I'm surprised no one mentions the elderly. In my dad's final 2 years of life, his hospital bills to Medicare alone were about 3x what he paid in taxes during his lifetime.
Because besides the fact it really sucks, it isn't taxes which is the topic (at least in this case.)
I like to use the example of a previous job in a convenience store:
Annual payroll costs ~$500,000. Employer's annual net profit ~$3 million.
I would say that the underpaid employees (within 25 cents of minimum wage) contributed far more than if they had been paid say an additional dollar per hour.
Why? Because their below-market wages allowed the employer to pay the top tax rate - an additional dollar per hour in an employee's paycheck would have been a net loss to taxpayers when that additional dollar was taxed at 10% and the employer's foregone dollar had been taxed at 39.5 percent.
Why were they working for below-market wages? That makes no sense. . .
Several stores, not just one, about 30 employees, and some extremely profitable high-volume locations with favorable long-term leases. An example of a business where the owner did pretty much everything right.

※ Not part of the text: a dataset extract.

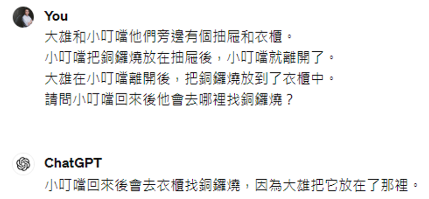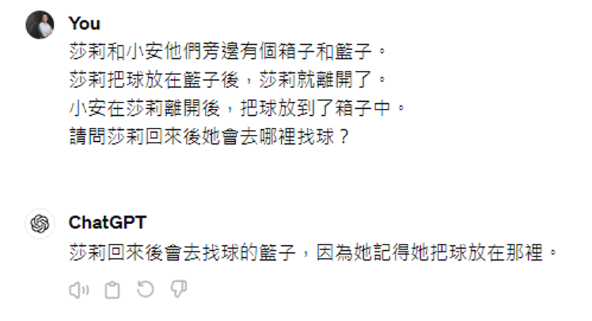 心理学上有一个术语叫做心智理论(theory of mind),简单来说就是揣测他人想法的能力。有人研究了机器是否具备心智理论能力,其中比较知名的测试是 Sally-Anne 测试,题目如下(下面是 GPT-3.5 的回答,答案是正确的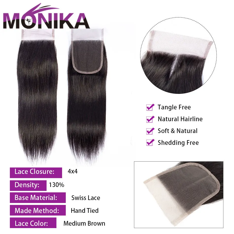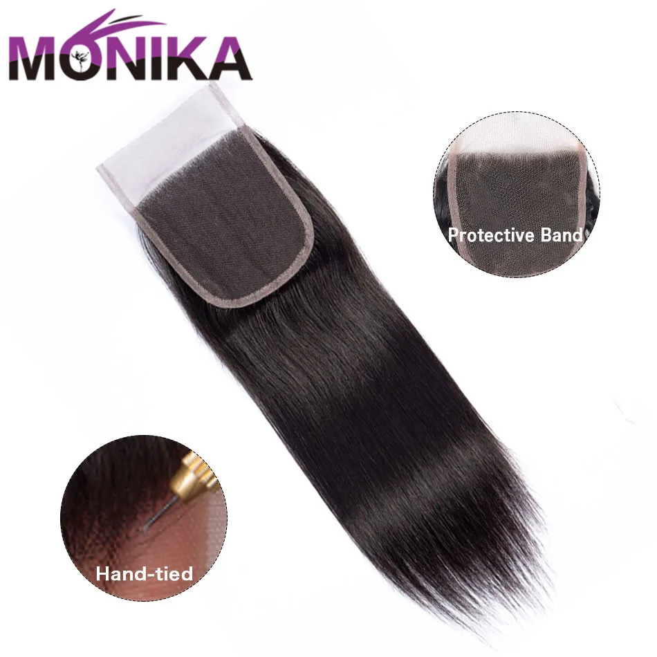 Monika 4x4 закрытые бразильские прямые 100% человеческие волосы закрытия бесплатносредний3 части верхний кружево Закрытие 22 дюйма не реми волосы

Costs are much lower than you think, all hourly employees are within 25 cents of minimum wage and stores are understaffed for the sales volume. The managers are not paid nearly as well as you think; the workplace joke at the time of an earlier minimum wage hike was that if the managers didn't get a raise by the the end of the year, the hourly employees would be better paid than the managers.
It is very rare to become a millionaire in the C store industry. You originally seemed to lead me to believe that it was a single store. Maybe I am wrong. It has happened before. The average would be a chain of maybe 8 or more stores. I just don't see a $3million profit from fewer stores. Not to say that it could not happen, it just goes against the norm. I would never say anything is not possible. Probable though is a different thing. Statistics would show that it would be difficult to make that kind of money.
Where are these high volume stores located?